Matemwe is a village on the north-eastern coast of Unguja, the main island of the Zanzibar Archipelago, between Mwangaseni and Kigomani. Its economy is mostly based on seaweed farming and fishing. The village is the seat of an education project aimed at providing computer literacy to the population of the area, as well as the Dada (in swahili: "sister") cooperative that is intended to create job opportunities for Zanzibari women involving them in the processing and preparation of handmade cosmetics and food products such as jam, mustard and sweets that are sold in Stone Town.

There is a charity school in Matemwe, Tamani Foundation, which provides the local students with great education.
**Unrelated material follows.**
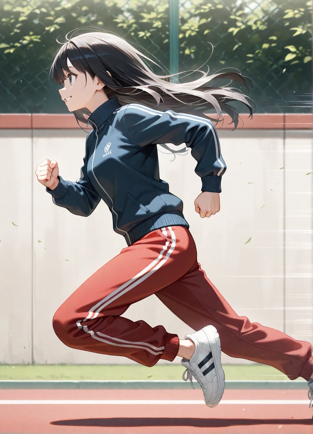 masterpiece,best quality,highres,highly detailed,detailed eyes,general,1girl,solo,smile,track suit,long track pants,sneakers,running,from side,black hair,clenched hands,speed lines,

The facilities includes a nursery school, the only one in Matemwe, and an adult education, where English, Math and Computer skills are being taught.

The main purpose of coming to Matemwe is the beach, which is the longest beach in Zanzibar. The beach is affected by the tide, so check tide schedules before visiting the beach. If you are staying there, however, that is not a problem as the tide is high two times every 24 hours. The beach is very quiet and you will not be harassed by many papasis (beach boys).

Internationally, Matemwe is especially known for its relatively unspoiled white sand beaches with few and expensive touristic structures, which makes for an exclusive vacation destination. The village is fronted by a lagoon and coral reef, as well as the small atoll of Mnemba, which is a particularly appreciated place for snorkeling and scuba diving. Fish species that can be easily spotted in the area include giant trevallies, trumpetfishes, anthiases, groupers and snappers.